To my understanding, a CPU takes instructions from the software, and breaks it down internally to micro-operations. These are then passed to the appropriate internal units for processing. The difficulty of keeping the internal units all fed is why we have hyper-threading. We need to feed it faster to make use of it before we can think about make it do more.

 

Also to gain IPC, we have to think more about what IPC is... doing more per clock. I think the simple fact is, for a lot of the older and more commonly used instructions, they about as optimised as they're ever going to be. Any IPC gains, measured as an overall average as opposed to a specific instruction, will come from adding new instructions to do things faster than they could without those instructions. Look at the processors in mobile devices. Overall, they're weak compared to x86, but they have been highly optimised for the tasks they're required to do such as video decoding and can drive high pixel count displays. Elsewhere, I do a lot of FPU intensive processing, and I see massive improvements across Intel generations. Sandy Bridge doubled throughput from AVX compared to whatever was before that lacking it. Haswell was 50% faster again thanks to FMA. Skylake didn't add any new instructions in that area, but still showed 14% improvement. As far as I can tell, the most likely contributor to this is the reduction in clock cycles needed for FMA execution from 5 to 4. That would be 20%, not considering pipelines and that not all instructions used are FMA.

1 hour ago, PianoPlayer88Key said:

Also with the trend toward better power efficiency ... I wonder if we'll ever see an enthusiast-class CPU and GPU ($350 to $1000 range) that at stock settings doesn't need a fan or even a heatsink, even with ambient temps around 40°C?  I think 15-20 years ago, even the highest-end consumer products didn't have any coolers on them, right?  Although they weren't nearly as capable then, I realize. :)

It is a contradiction to ask for an ultra low power enthusiast grade product. Essentially you buy by power budget. You either want low power (both consumption and performance), or you want high power (both consumption and performance). Mobile (phone, tablet) technology is probably the best compromise you're going to get for that requirement. I have recently got an nvidia shield tablet, and no fans. Arguably the case is the heatsink. It has 3D performance not to be sniffed at. You're not going to play modern PC games on it, but it can play the equivalent of older PC 3D games. For example, I understand they ported Portal to it.

35 minutes ago, straight_stewie said:

RAM is the largest performance bottleneck in modern computers. For some reason the speed of memory hasn't been able to keep pace with improvements in all other areas.

It depends on the use cases, since for a lot of them the ram performance is largely insignificant. However, I do fit in one of those cases where ram performance is as important as CPU clock, and I wish there were better options there - such as:

Quad channel ram support in mainstream CPUs. I don't want to get overpriced enthusiast CPUs just to get it.

Official support in CPU for higher ram speeds. I don't feel there is enough compatibility once you get to 3000+ ball park and this could be forced through regulation and not implemented as an OC afterthought.

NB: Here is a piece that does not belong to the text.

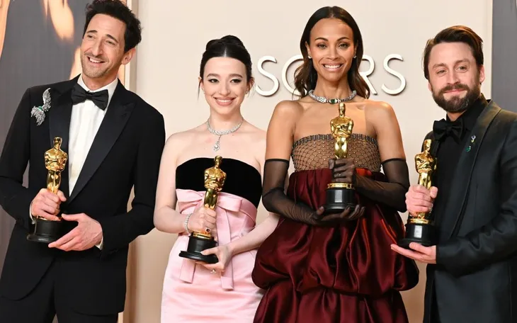 (Từ trái sang phải) Adrien Brody, Mikey Madison, Zoe Saldana, Kieran Culkin tại Lễ trao giải Oscar 2025 (Ảnh: Gilbert Flores)

It would also suffice, even be preferable to just have bigger on CPU caches, since if they are of sufficient size they negate the need for ram performance to a large extent. The Broadwell CPU I got to try has 128MB of L4 which is sufficient for my uses for now. It is a bit slow compared to other caches at only 50GB/s bandwidth (roughly comparable to dual channel 3200) but Broadwell doesn't clock well anyway. Operating out of that meant I could use any old cheap ram and not impact performance at all. I'd like to see it bought closer to the cores though, either as L2 or L3. As a rough estimate, 4 GB/s per core per core-GHz would be "practically unlimited" in my uses. For a quad core CPU with dual channel ram, that would be equivalent to running the ram at the same clock as the CPU.

 

Wow, this ended up longer than I thought, and I haven't got on to hyper threading yet... :) 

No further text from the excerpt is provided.